- [Task objective]:
Write out the opening lines of the data word for word, up to and including the line with "日本 Classical Elf - 前後2way工裝風俐落廓形連身褲-黑", and leave every picture and every later line out.

Records drawn from a dataset

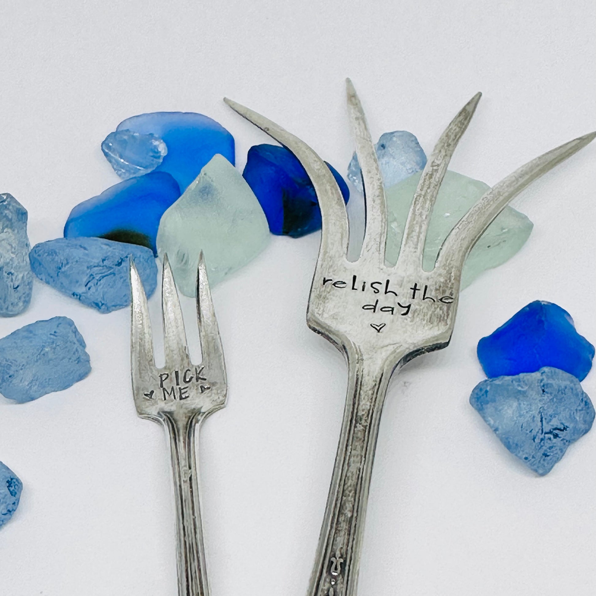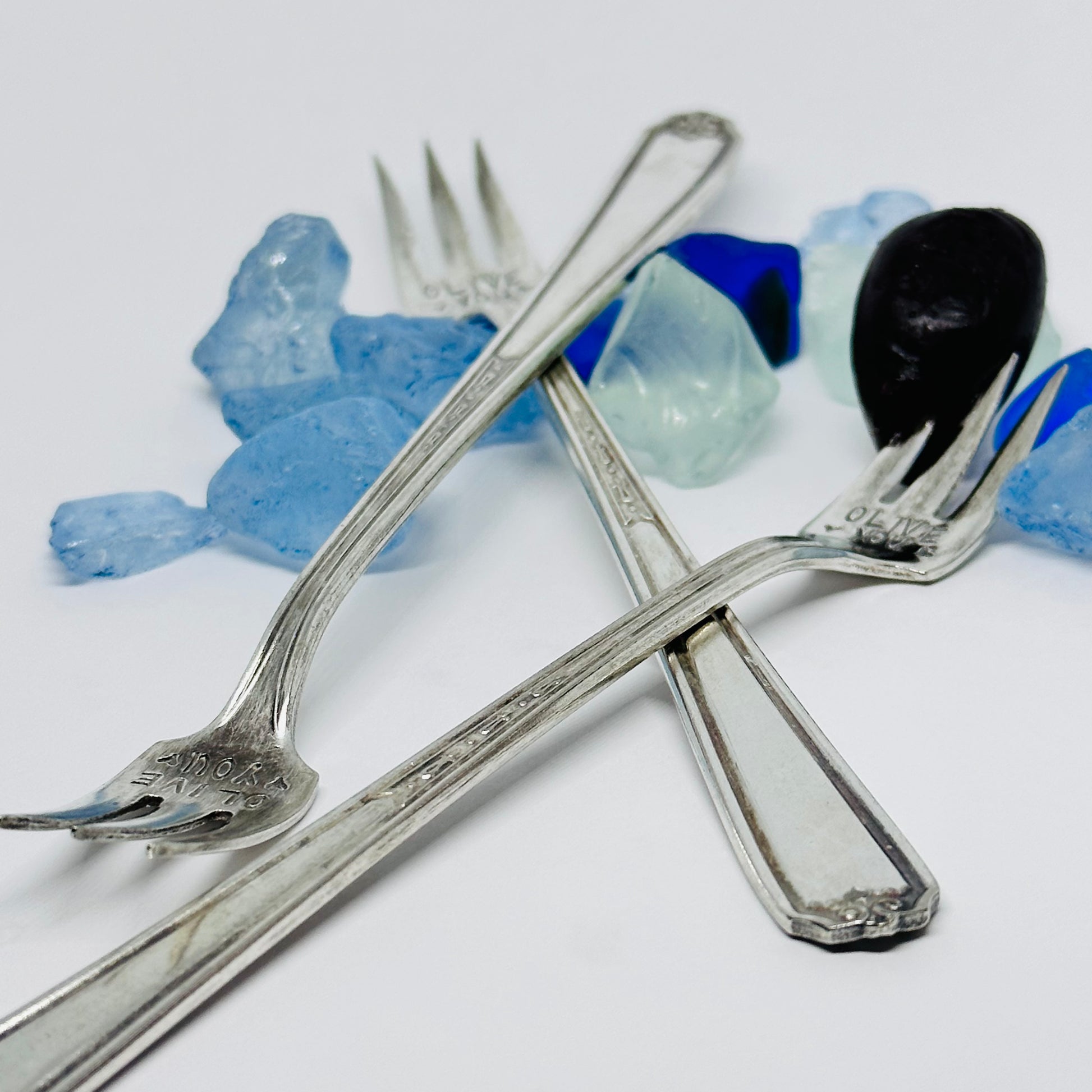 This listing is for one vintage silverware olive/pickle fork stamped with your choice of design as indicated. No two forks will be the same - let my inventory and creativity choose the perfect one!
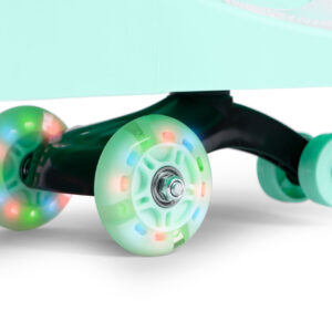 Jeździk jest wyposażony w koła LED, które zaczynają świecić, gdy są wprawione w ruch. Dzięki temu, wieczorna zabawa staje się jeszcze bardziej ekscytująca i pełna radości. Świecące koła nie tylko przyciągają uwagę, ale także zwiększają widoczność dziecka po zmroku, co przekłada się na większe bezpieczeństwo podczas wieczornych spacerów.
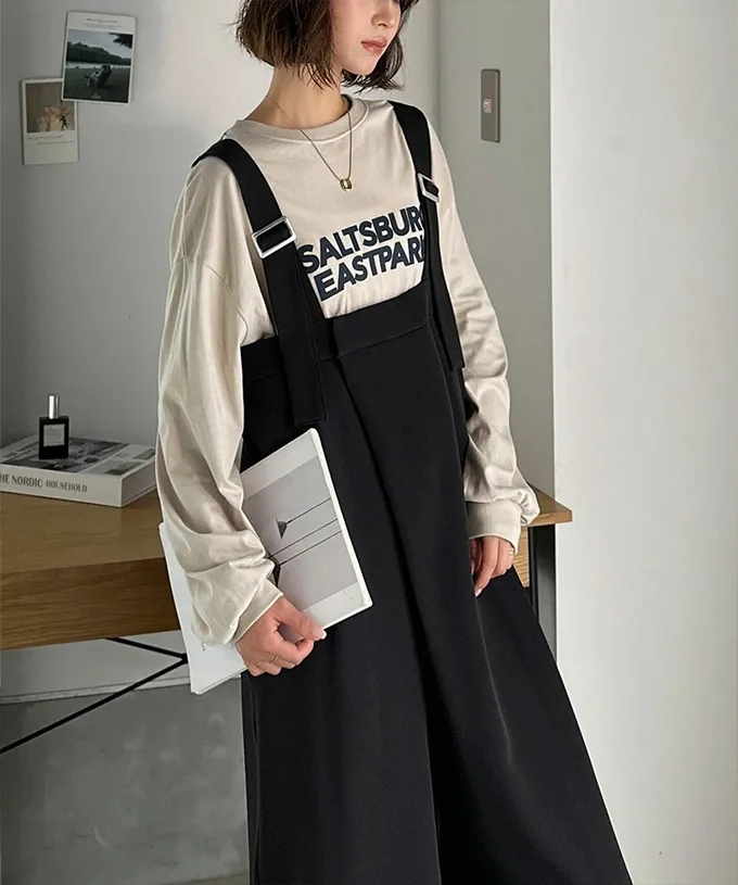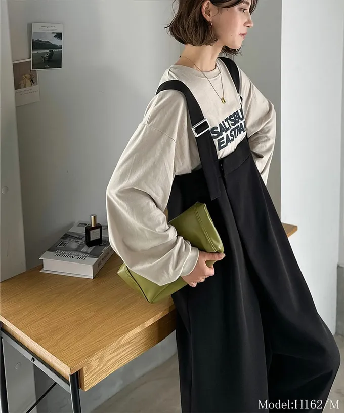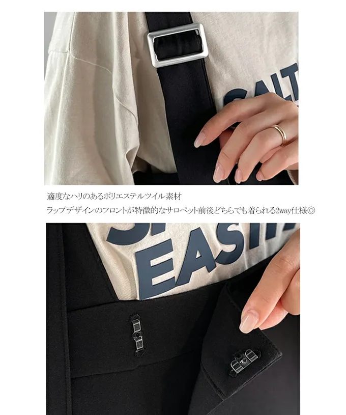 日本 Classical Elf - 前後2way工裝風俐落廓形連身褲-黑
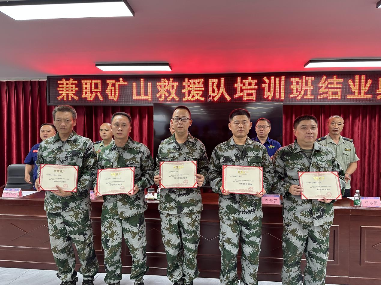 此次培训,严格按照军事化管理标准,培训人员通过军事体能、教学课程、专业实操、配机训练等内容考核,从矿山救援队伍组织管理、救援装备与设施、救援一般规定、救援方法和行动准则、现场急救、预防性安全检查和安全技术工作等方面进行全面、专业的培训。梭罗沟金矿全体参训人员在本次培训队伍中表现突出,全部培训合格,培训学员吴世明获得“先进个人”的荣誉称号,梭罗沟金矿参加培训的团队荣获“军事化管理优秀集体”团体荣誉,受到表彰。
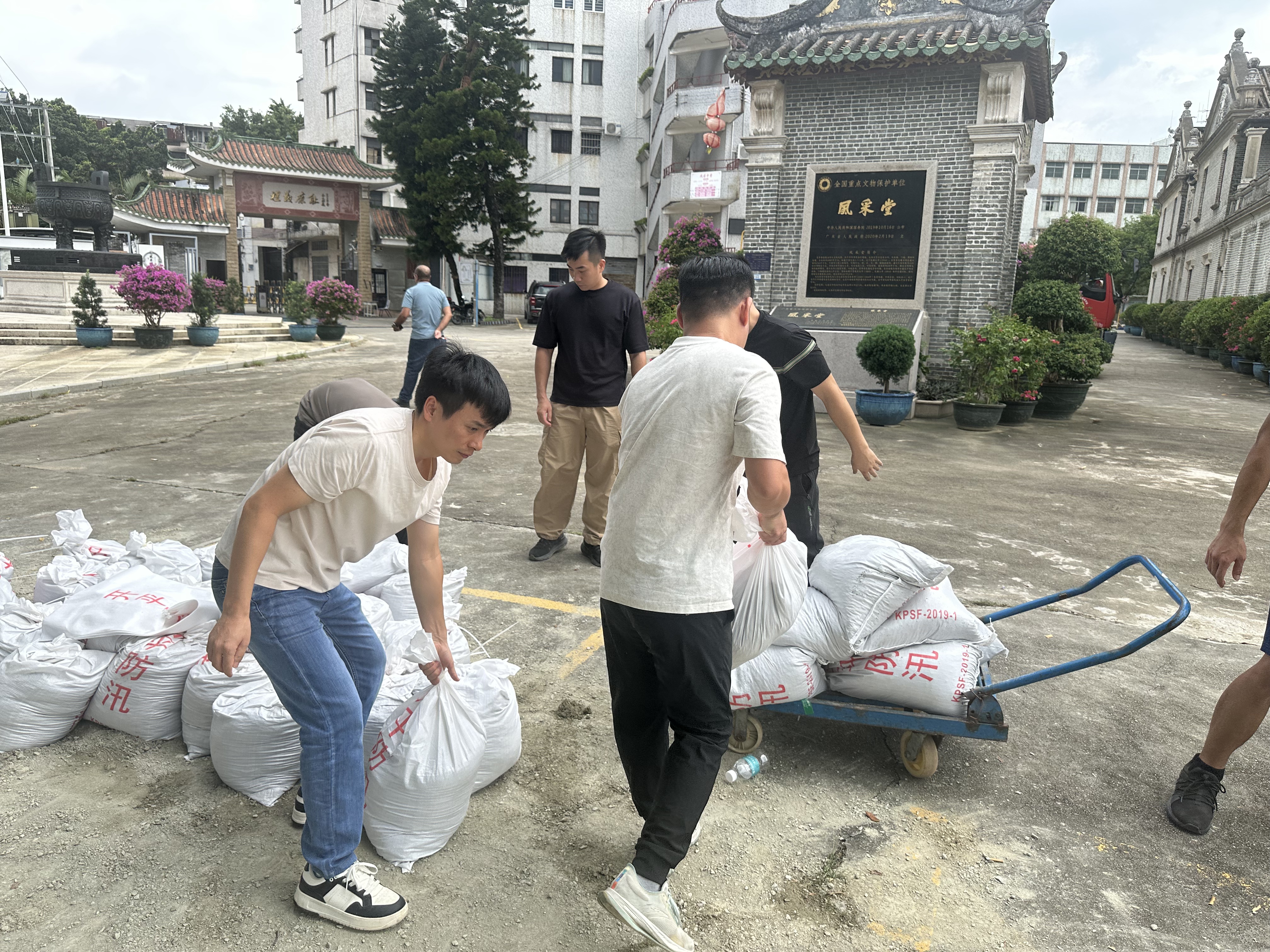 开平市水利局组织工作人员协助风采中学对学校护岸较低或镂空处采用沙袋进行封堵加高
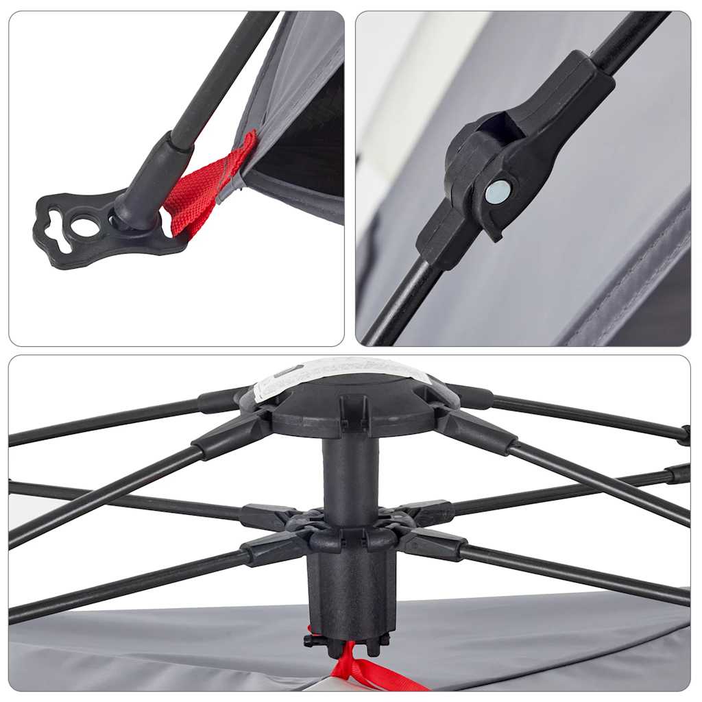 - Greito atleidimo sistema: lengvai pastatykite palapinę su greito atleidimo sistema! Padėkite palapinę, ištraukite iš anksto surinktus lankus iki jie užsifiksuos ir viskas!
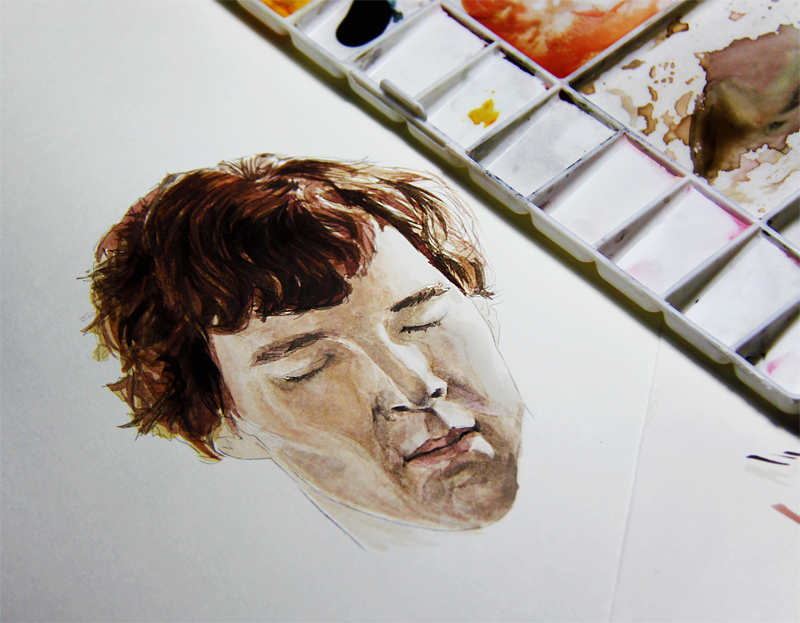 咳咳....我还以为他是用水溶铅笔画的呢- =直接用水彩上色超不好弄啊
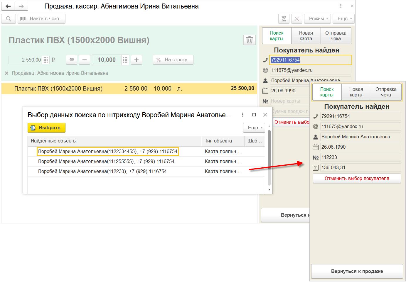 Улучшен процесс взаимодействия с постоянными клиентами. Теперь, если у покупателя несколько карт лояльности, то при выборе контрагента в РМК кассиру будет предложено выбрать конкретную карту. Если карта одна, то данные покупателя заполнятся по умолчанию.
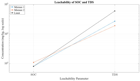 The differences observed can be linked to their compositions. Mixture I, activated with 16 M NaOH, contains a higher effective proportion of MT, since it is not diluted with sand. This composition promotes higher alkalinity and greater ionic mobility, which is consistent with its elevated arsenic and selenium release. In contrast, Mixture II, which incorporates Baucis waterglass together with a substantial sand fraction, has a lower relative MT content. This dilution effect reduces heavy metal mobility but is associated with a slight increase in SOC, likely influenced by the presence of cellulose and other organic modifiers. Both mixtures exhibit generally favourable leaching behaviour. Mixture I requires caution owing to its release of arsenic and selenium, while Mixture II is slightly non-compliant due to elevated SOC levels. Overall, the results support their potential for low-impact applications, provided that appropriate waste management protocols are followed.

- [Answer to this task]:
 This listing is for one vintage silverware olive/pickle fork stamped with your choice of design as indicated. No two forks will be the same - let my inventory and creativity choose the perfect one!
 Jeździk jest wyposażony w koła LED, które zaczynają świecić, gdy są wprawione w ruch. Dzięki temu, wieczorna zabawa staje się jeszcze bardziej ekscytująca i pełna radości. Świecące koła nie tylko przyciągają uwagę, ale także zwiększają widoczność dziecka po zmroku, co przekłada się na większe bezpieczeństwo podczas wieczornych spacerów.
 日本 Classical Elf - 前後2way工裝風俐落廓形連身褲-黑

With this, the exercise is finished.